Our playground will be inside a new controller method (SportsController::players()) which maps to the route with the /players path. Refer to Chapter 2, Creating Your First Module, for a refresher on how to create routes if you don't remember.

The first thing we'll do is create a simple query that loads all the players and outputs them inside a table. We'll stick to only showing the player names for simplicity:

/**

* Renders a table of players.

*/

public function players() {

  $query = $this->database->select('players', 'p')

    ->fields('p');

  $result = $query->execute()->fetchAll();

  $header = [$this->t('Name')];

  $rows = [];

  foreach ($result as $row) {

    $rows[] = [

      $row->name

    ];

  }

  $build = [];

  $build[] = [

    '#theme' => 'table',

    '#header' => $header,

    '#rows' => $rows,

  ];

  return $build;

}

All of this should already be familiar to you. We are running the query and preparing the data for a table, using the table theme hook to render it. You'll note that we are creating a $build array so that we can include more things in the final output.

By navigating to /players, we should now already see a table with our player names. This will be our baseline from which to explore pagers.

Pagers work by storing some information regarding a query in the global state, namely the total number of items to be paged, the limit of items per page, and an identifier for the respective pager (so we can potentially have multiple pagers at once). All of this information is set using the following code (you don't have to add this anywhere now):

pager_default_initialize($total, $limit, $element = 0);  

Moreover, the current page is determined by the query parameter in the URL, named page.

Once the pager is initialized, we have a pager render element we can use to easily render a themed pager that uses this information and builds all the necessary links to move between the pages. As query builders, we then have to read the current page and use that inside our query.

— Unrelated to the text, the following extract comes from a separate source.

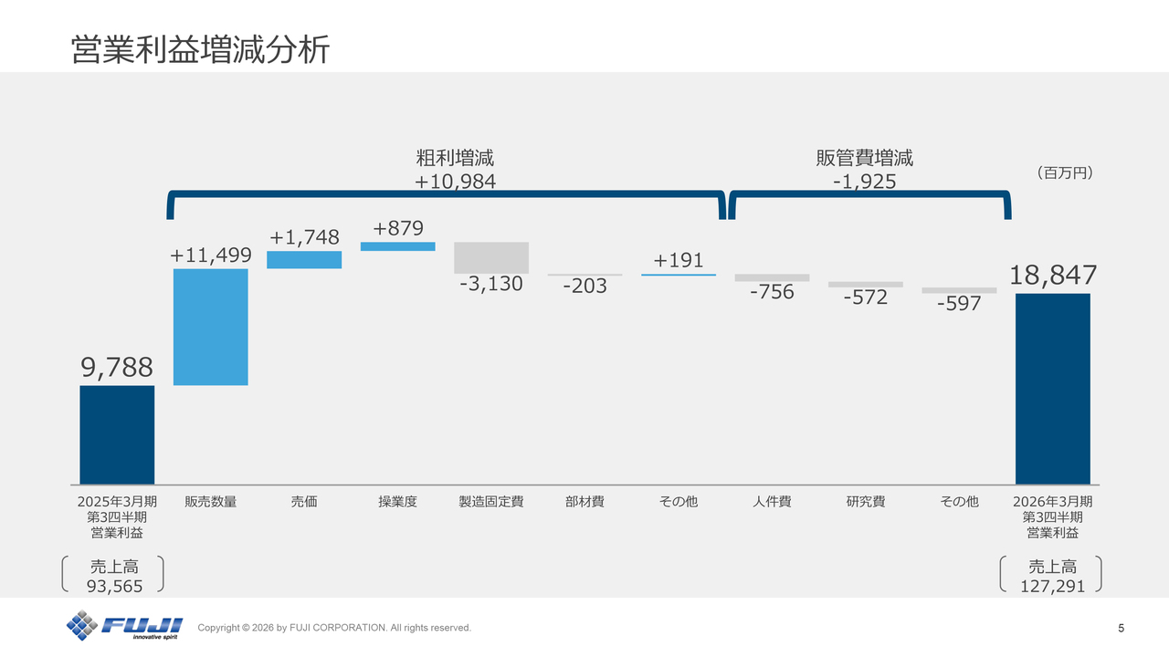 販売数量の増加により114億9,900万円のプラスとなっています。マウンター市場が昨年度より拡大している中で、当社も市場シェアを伸ばし、販売数量を大幅に増加させた結果です。
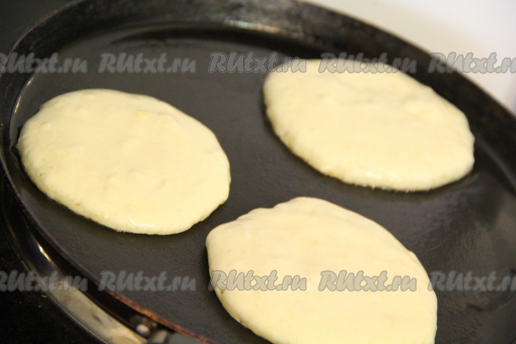 Выпекать оладушки с двух сторон до золотистого цвета.

However, there is a much simpler way to work with pagers, and that is using select extenders. These are decorator classes for the SELECT query class we've seen before, and they allow us to decorate it with an extra piece of functionality, such as pagers or sorting; they encapsulate the necessary functionality for handling pagers in the query. So, let's see it in action.

Here is how our player query would look using the PagerSelectExtender:

$limit = 5; // The number of items per page.

$query = $this->database->select('players', 'p')

  ->fields('p')

  ->extend('DrupalCoreDatabaseQueryPagerSelectExtender')

  ->limit($limit);

$result = $query->execute()->fetchAll();  

As you can see, we have an extend() method on the SELECT query builder which allows us to pass the name of the class that will decorate the resulting SELECT query class. This also provides us with a new method called limit(), through which we specify the number of records to load per page. Under the hood, it uses the range() method we saw earlier. Moreover, when running the query, it initializes the pager for us using pager_default_initialize(), and even determines the current page all on its own. So typically, you'll use the extender directly.

The Decorator Pattern

The Decorator Pattern is an object-oriented programming design pattern that allows us to statically or dynamically add behavior to an existing object without altering how it, or other objects of the same class, behaves inside. A decorator essentially wraps an existing object to provide extra functionality from the outside.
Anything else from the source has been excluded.